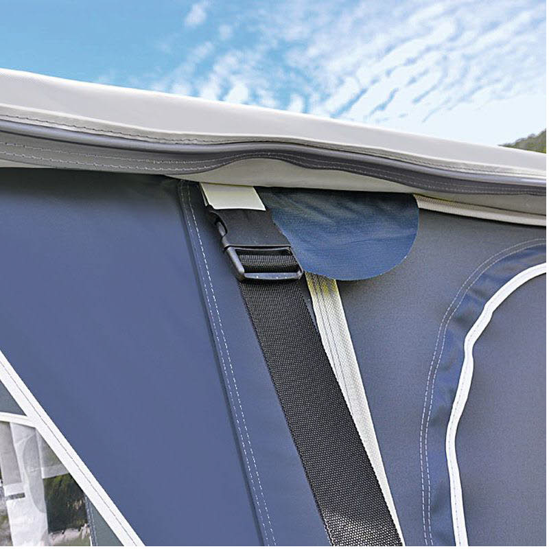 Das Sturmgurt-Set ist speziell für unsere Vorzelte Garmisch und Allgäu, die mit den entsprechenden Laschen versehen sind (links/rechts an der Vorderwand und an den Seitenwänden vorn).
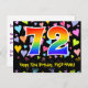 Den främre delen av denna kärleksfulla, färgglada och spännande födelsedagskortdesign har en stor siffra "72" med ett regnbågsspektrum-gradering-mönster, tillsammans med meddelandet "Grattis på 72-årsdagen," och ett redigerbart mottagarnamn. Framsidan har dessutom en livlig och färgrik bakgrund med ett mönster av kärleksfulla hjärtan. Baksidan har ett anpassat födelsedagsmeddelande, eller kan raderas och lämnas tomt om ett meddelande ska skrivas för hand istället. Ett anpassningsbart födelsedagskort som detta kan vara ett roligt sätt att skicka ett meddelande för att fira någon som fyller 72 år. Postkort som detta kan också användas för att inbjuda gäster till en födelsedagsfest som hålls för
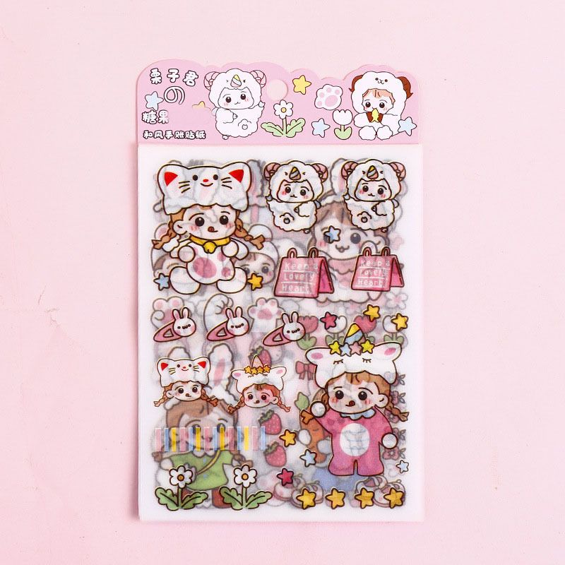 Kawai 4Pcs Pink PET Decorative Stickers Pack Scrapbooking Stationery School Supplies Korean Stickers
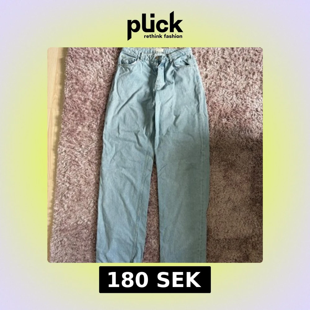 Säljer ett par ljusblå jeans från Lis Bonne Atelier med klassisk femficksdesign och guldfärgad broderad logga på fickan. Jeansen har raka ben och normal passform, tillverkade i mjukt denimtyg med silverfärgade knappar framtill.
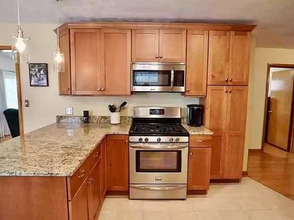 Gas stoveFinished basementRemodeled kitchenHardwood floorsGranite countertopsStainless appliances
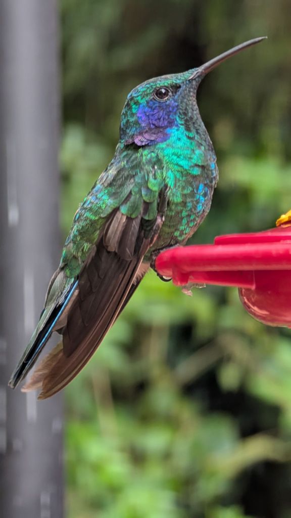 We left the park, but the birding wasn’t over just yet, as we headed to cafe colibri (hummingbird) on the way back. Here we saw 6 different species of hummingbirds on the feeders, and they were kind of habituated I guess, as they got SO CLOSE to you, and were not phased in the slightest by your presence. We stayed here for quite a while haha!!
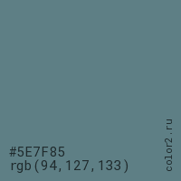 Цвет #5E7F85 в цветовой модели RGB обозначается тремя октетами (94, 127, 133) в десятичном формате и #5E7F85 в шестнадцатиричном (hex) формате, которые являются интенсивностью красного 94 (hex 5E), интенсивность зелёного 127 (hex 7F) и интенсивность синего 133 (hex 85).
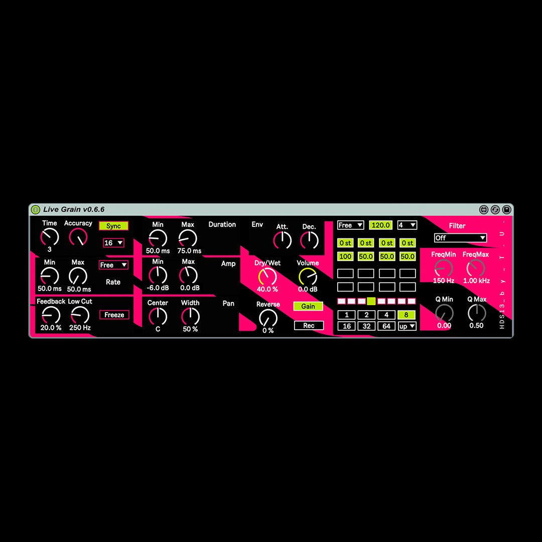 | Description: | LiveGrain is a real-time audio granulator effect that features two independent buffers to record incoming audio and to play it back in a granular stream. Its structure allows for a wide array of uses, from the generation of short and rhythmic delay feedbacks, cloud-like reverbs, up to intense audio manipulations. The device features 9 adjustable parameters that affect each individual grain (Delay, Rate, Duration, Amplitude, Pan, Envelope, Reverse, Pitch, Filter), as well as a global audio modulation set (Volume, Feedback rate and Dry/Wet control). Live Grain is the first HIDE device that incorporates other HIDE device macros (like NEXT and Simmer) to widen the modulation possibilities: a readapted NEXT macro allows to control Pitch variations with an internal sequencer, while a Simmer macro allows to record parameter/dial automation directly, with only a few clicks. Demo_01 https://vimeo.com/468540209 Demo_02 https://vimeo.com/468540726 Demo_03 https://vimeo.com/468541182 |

...

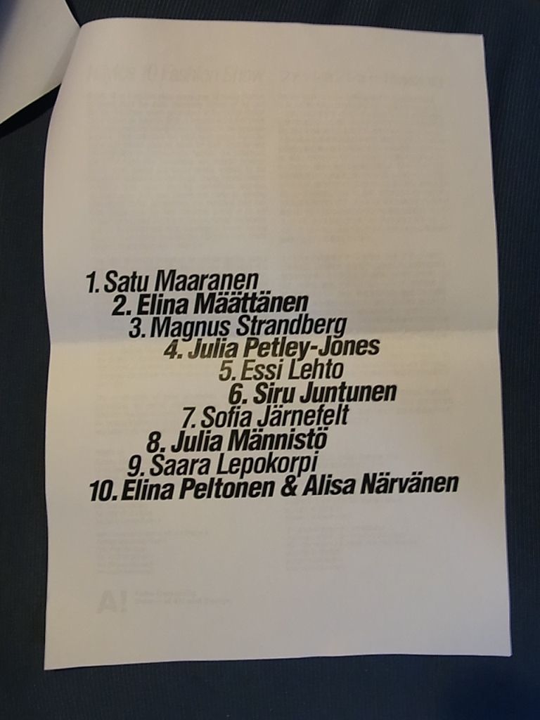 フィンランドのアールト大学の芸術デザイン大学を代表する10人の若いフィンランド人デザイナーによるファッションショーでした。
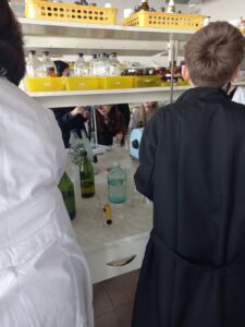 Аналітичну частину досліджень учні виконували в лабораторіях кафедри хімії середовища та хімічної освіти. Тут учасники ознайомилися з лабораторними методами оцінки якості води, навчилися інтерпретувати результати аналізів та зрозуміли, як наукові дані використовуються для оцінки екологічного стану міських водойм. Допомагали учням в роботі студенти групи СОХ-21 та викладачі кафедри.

- **Work to be completed**: Starting from the line with "Das Sturmgurt-Set ist" in the records above, repeat each line exactly until you have written the line with "We left the", then stop; drop the pictures.

- **Solution to the problem**:
 Das Sturmgurt-Set ist speziell für unsere Vorzelte Garmisch und Allgäu, die mit den entsprechenden Laschen versehen sind (links/rechts an der Vorderwand und an den Seitenwänden vorn).
 Den främre delen av denna kärleksfulla, färgglada och spännande födelsedagskortdesign har en stor siffra "72" med ett regnbågsspektrum-gradering-mönster, tillsammans med meddelandet "Grattis på 72-årsdagen," och ett redigerbart mottagarnamn. Framsidan har dessutom en livlig och färgrik bakgrund med ett mönster av kärleksfulla hjärtan. Baksidan har ett anpassat födelsedagsmeddelande, eller kan raderas och lämnas tomt om ett meddelande ska skrivas för hand istället. Ett anpassningsbart födelsedagskort som detta kan vara ett roligt sätt att skicka ett meddelande för att fira någon som fyller 72 år. Postkort som detta kan också användas för att inbjuda gäster till en födelsedagsfest som hålls för
 Kawai 4Pcs Pink PET Decorative Stickers Pack Scrapbooking Stationery School Supplies Korean Stickers
 Säljer ett par ljusblå jeans från Lis Bonne Atelier med klassisk femficksdesign och guldfärgad broderad logga på fickan. Jeansen har raka ben och normal passform, tillverkade i mjukt denimtyg med silverfärgade knappar framtill.
 Gas stoveFinished basementRemodeled kitchenHardwood floorsGranite countertopsStainless appliances
 We left the park, but the birding wasn’t over just yet, as we headed to cafe colibri (hummingbird) on the way back. Here we saw 6 different species of hummingbirds on the feeders, and they were kind of habituated I guess, as they got SO CLOSE to you, and were not phased in the slightest by your presence. We stayed here for quite a while haha!!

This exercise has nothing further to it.